# Super stoked!



## Little-Bits-N-Pieces (Apr 7, 2013)

^^There's a word for you that is rarely used 

But anyway, yes, I am super stoked to be buying an A.I. Tank next year, most likely in the early summer after all the kids are sold. 
I'll be buying the tank, the kit, the works! 
I'll FINALLY be able to use and have my own tank! 

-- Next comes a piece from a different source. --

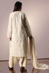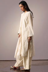 Embroidered classic-fit shirt crafted on a soft muslin mulmul base, with a keyhole neckline adorned with self-embroidery and appliqué work on the sleeve hems. Comes with an inner for added comfort and ease. Paired with a khula poncha shalwar and styled with yarn dyed dupatta.
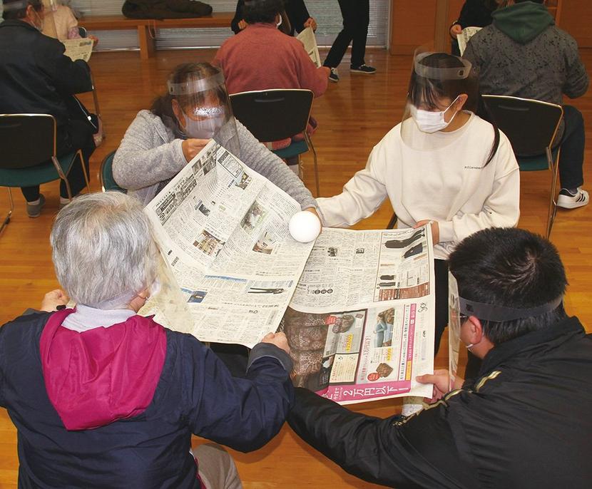 新聞紙ゲームに興じる参加者

I'll be extensively A.I.-ing my does, both alpines and boers! I'm only going to be using ennobled bucks and finshed champions. I want to out cross more, play with other genetics, provide more varity of kids, and be thrilled to have all those oppertunities!
Plus I'll be able to collect my bucks, so I can use them after they are long gone. 
Once again, I will have all the marbles! :laugh:


----------



## TrinityRanch (Mar 26, 2013)

That sounds fun! Like shopping out of a catalog


----------



## Little-Bits-N-Pieces (Apr 7, 2013)

I know right! Just kinda look through the list, find one that jumps out and grabs you, order a few straw, A.I, and sit back and wait for some super nice kids


----------



## Little-Bits-N-Pieces (Apr 7, 2013)

This is the one I'm getting
http://www.ctcryogenics.com/CT35.php


----------



## toth boer goats (Jul 20, 2008)

How exciting


----------



## caprine crazy (Jun 12, 2012)

Congrats! Some good herds to get semen from for Boers is EGGS and Able Acres. Those are just my personal favorite herds. Most of their bucks are Ennobled and are of excellent quality.


----------



## ptgoats45 (Nov 28, 2011)

BioGenics LTD has a pretty good list of Boers and Alpines. I've gotten most of my semen from them, they are super helpful and provide a quality product. It really is amazing the difference in quality you can get with using AI.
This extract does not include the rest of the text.